> [Work item]:
A faithful copy of the data is the goal; set it down exactly, without the images.

> [Dataset excerpt]:
= Beginning of Section =

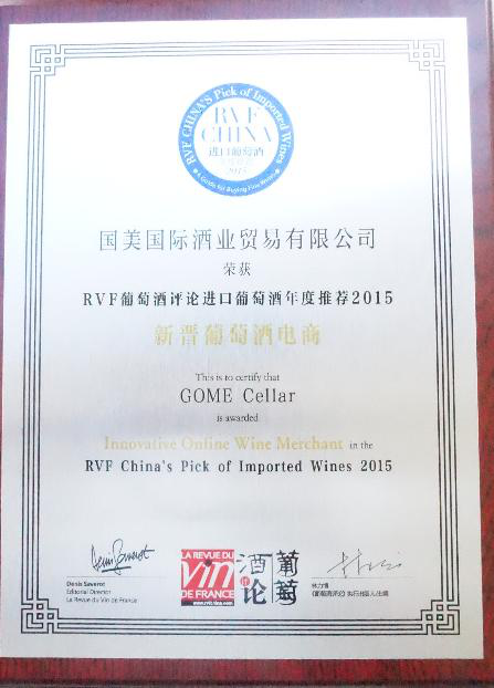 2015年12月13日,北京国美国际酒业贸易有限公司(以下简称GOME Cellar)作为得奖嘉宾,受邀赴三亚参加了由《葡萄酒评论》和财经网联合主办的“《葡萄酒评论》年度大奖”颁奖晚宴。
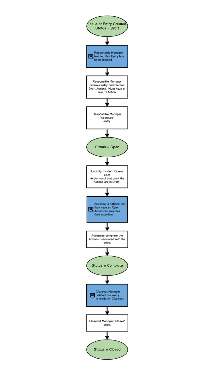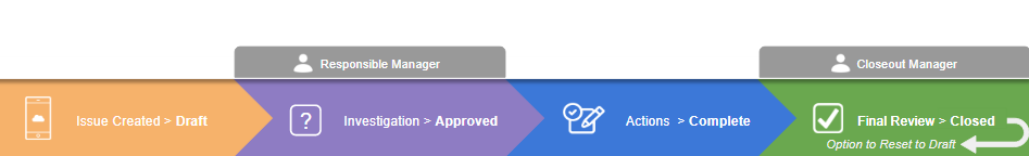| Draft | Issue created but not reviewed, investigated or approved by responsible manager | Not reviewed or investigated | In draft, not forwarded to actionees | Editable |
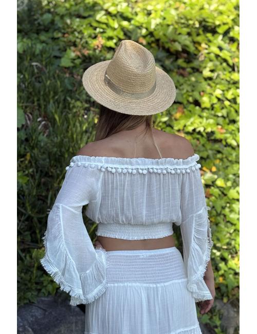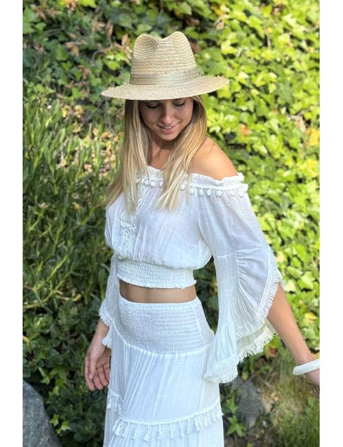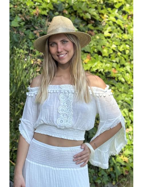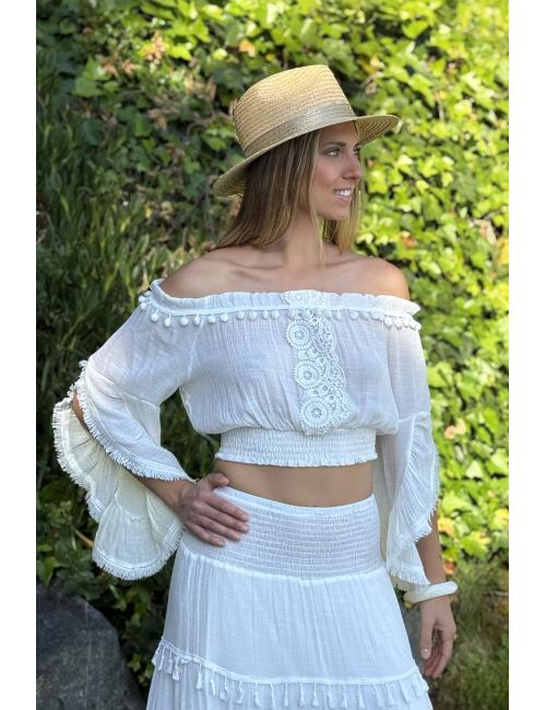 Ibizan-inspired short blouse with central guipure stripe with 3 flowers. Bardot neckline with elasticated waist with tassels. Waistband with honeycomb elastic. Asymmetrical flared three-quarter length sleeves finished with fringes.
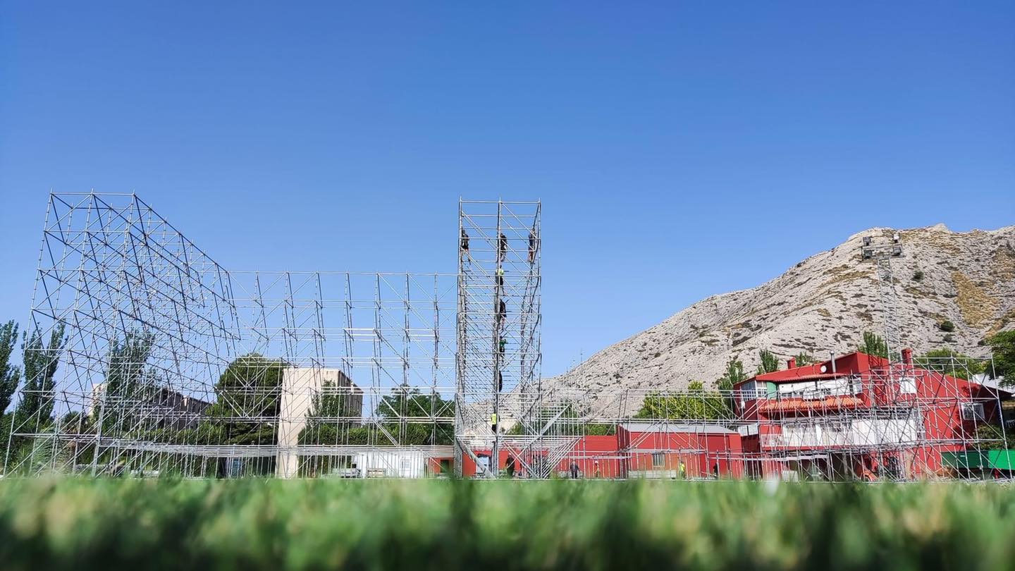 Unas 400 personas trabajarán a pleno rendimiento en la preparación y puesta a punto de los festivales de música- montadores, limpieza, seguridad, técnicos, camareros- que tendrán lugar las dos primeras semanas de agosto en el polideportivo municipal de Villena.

= End of Section =

> [Answer for this exercise]:
 2015年12月13日,北京国美国际酒业贸易有限公司(以下简称GOME Cellar)作为得奖嘉宾,受邀赴三亚参加了由《葡萄酒评论》和财经网联合主办的“《葡萄酒评论》年度大奖”颁奖晚宴。
| Draft | Issue created but not reviewed, investigated or approved by responsible manager | Not reviewed or investigated | In draft, not forwarded to actionees | Editable |
 Ibizan-inspired short blouse with central guipure stripe with 3 flowers. Bardot neckline with elasticated waist with tassels. Waistband with honeycomb elastic. Asymmetrical flared three-quarter length sleeves finished with fringes.
 Unas 400 personas trabajarán a pleno rendimiento en la preparación y puesta a punto de los festivales de música- montadores, limpieza, seguridad, técnicos, camareros- que tendrán lugar las dos primeras semanas de agosto en el polideportivo municipal de Villena.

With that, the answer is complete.